Median Annual Salary: $82,790

World Languages Teacher

World languages teachers train students to speak a foreign language and understand related cultures and traditions. Teachers must pass oral and writing proficiency tests in a particular foreign language to earn a world languages teaching endorsement. CSDE may reward educators willing to fill shortages in grades 7-12 in this specialization. The following median annual salary reflects high school teachers in Connecticut.

Median Annual Salary: $79,530

Frequently Asked Questions About Teaching Certification in Connecticut

How do I get teaching certification in Connecticut?

CSDE requires teachers to complete a bachelor's degree and educator preparation program to qualify for certification in Connecticut. Additionally, teachers must gain at least 10 weeks of student teaching experience and pass certification exams in their endorsement area.

Teachers who meet all beginner-level qualifications receive initial certification. These teachers have the potential to advance to provisional certification with more experience. Educators must eventually earn a master's degree to achieve the highest level of professional teaching certification in Connecticut.

Can I teach in Connecticut without certification?

No. However, CSDE provides certification paths for educators from all educational backgrounds and experience levels. Most teachers in Connecticut pursue a state-approved educator preparation program to earn certification. Others follow an alternate path to meet CSDE qualifications.

All teachers in preK-12 public schools in Connecticut need a valid teaching certificate or temporary or emergency teaching credentials for a particular shortage area or district. Like many other states, Connecticut does not require the same licensing process for postsecondary or private school teachers.

How long does it take to become a teacher in Connecticut?

The process of earning teaching certification in Connecticut can take between 1-4 years. Aspiring teachers with a bachelor's degree can potentially complete the other certification requirements, including an educator preparation program, in 1-2 years. Others who still need to complete a bachelor's degree and an educator preparation program may take four years to qualify for initial certification.

Once a teacher achieves initial certification, it remains valid for up to three years and is renewable for up to five times. Teachers can then work their way up to a provisional certificate and, ultimately, professional certification.

What can I do with teaching certification in Connecticut?

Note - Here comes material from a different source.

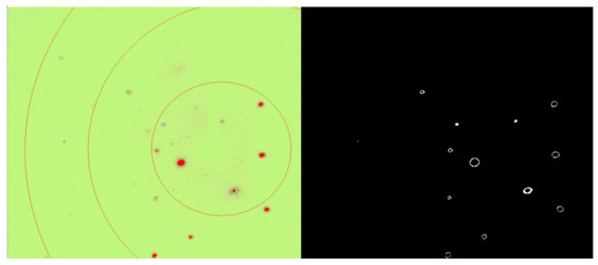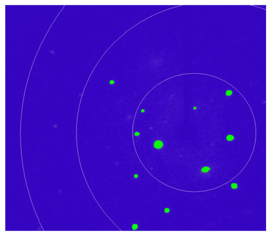 After the image was segmented by the color segmentation method, only the information of the diffraction points was left in the image, as shown in Figure 8. In addition, the image preprocessing operations such as filtering, edge processing, and expansion processing were performed on the image. After that, the diffraction part of the image was extracted by the Findcontours function. After the contour was found, the Drawcontours function was used to draw the contour and to fill the interior. The green color was selected to be drawn and displayed in the source image. All the image processing related functions are referred to the OpenCV library (https://opencv.org/) (accessed on 1 January 2022). The contoured result of a diffraction image is shown in Figure 9. In the Findcontours method, the input image is usually a binary image processed by an edge detection algorithm, and the detected contour is represented as a point vector [18]. A contour is composed of a set of continuous point vectors. There are four retrieval modes to find the contours. The mode adopted in this work was to detect only the outermost contours, ignoring the inner contours contained in the outer contours. Based on this vision effect, the center coordinates of each diffraction zone were calculated and recorded as (Xi, Yi) (i = 1, 2, 3, …). Meanwhile, the area of each diffraction point was calculated, and the results were recorded as Sj (j = 1, 2, 3, …). After that, all the diffraction zones on the image were precisely located by coordination.

Educators with teaching certification in Connecticut can work in preK-12 public schools and adult vocational programs. Teachers can earn certification in their desired endorsement area to teach multiple elementary subjects, individual middle or high school subjects, or career or technical education.

Candidates may also pursue a specialization, such as special education, world languages, or technology education. CSDE also requires separate certification processes for non-teaching jobs in education, including principals, school counselors, and district administrators.

How do I become a substitute teacher in Connecticut?

Substitute teaching in Connecticut typically requires a bachelor's degree. Although, some districts accept candidates with a high school diploma and teaching experience in lieu of a degree. Candidates must apply to work in a particular district, as CSDE issues district-specific substitute teaching permits.

While substitute teachers are generally granted authorization for brief employment periods, some districts need substitutes for more than 40 days. These candidates must hold a bachelor's degree and at least 12 credits in the desired subject or content area. All substitute teacher authorizations expire annually on June 30 and require re-application for renewal consideration.